What the exercise asks:
The material below holds pictures; leave them out and reproduce exactly the lines from the one with "Anschlag links Schloss rechts" through the one with "Figure 34. Paul Conway OnCall Camera", inclusive.

Supplied records:
● ● ● ● ● ● ●

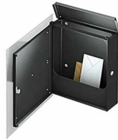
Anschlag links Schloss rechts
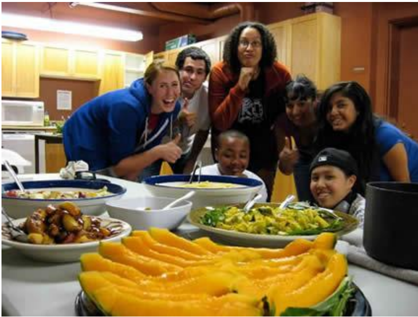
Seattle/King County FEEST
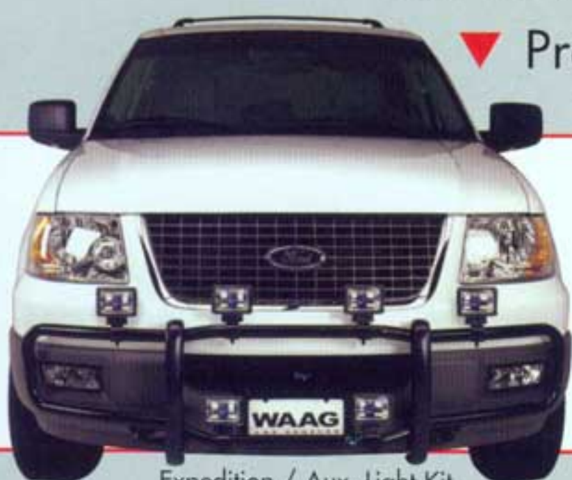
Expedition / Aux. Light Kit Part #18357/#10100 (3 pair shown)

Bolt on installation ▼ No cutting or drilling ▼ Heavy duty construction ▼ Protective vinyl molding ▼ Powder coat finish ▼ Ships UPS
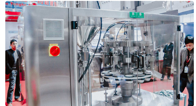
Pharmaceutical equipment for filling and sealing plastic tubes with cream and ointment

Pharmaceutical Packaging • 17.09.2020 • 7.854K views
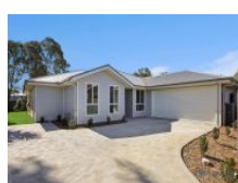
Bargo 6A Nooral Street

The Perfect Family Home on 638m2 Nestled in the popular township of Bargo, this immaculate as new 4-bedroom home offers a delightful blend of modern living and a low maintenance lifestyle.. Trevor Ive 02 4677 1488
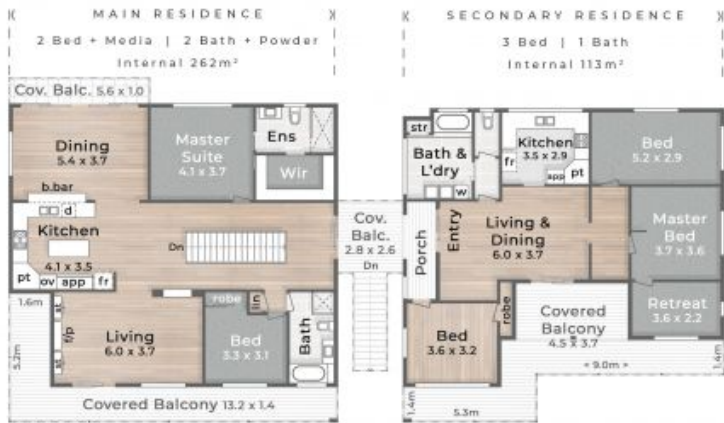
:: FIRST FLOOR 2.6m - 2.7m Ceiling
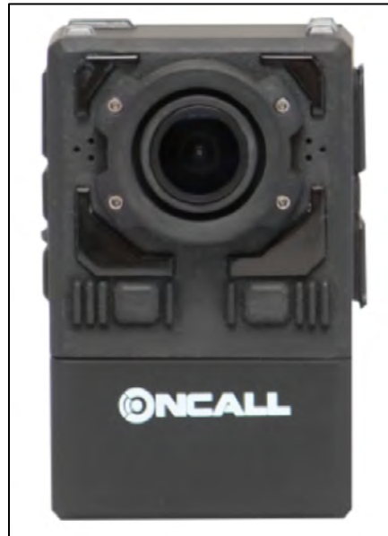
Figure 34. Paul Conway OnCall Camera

● ● ● ● ● ● ●

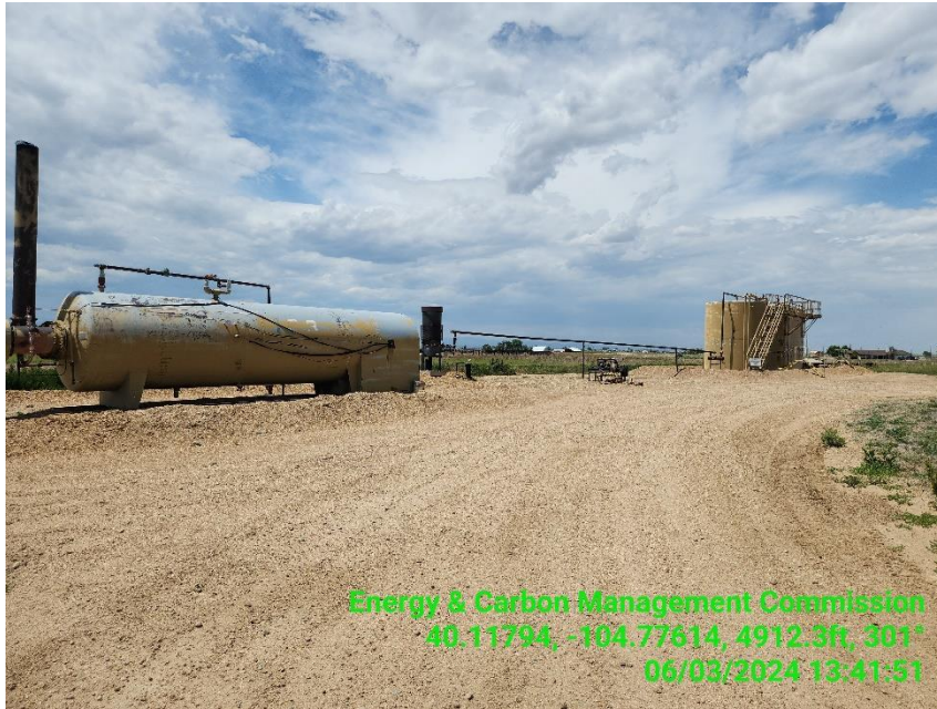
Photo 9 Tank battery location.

● ● ● ● ● ● ●

Result:
Anschlag links Schloss rechts
Seattle/King County FEEST
Expedition / Aux. Light Kit Part #18357/#10100 (3 pair shown)

Bolt on installation ▼ No cutting or drilling ▼ Heavy duty construction ▼ Protective vinyl molding ▼ Powder coat finish ▼ Ships UPS
Pharmaceutical equipment for filling and sealing plastic tubes with cream and ointment

Pharmaceutical Packaging • 17.09.2020 • 7.854K views
Bargo 6A Nooral Street

The Perfect Family Home on 638m2 Nestled in the popular township of Bargo, this immaculate as new 4-bedroom home offers a delightful blend of modern living and a low maintenance lifestyle.. Trevor Ive 02 4677 1488
:: FIRST FLOOR 2.6m - 2.7m Ceiling
Figure 34. Paul Conway OnCall Camera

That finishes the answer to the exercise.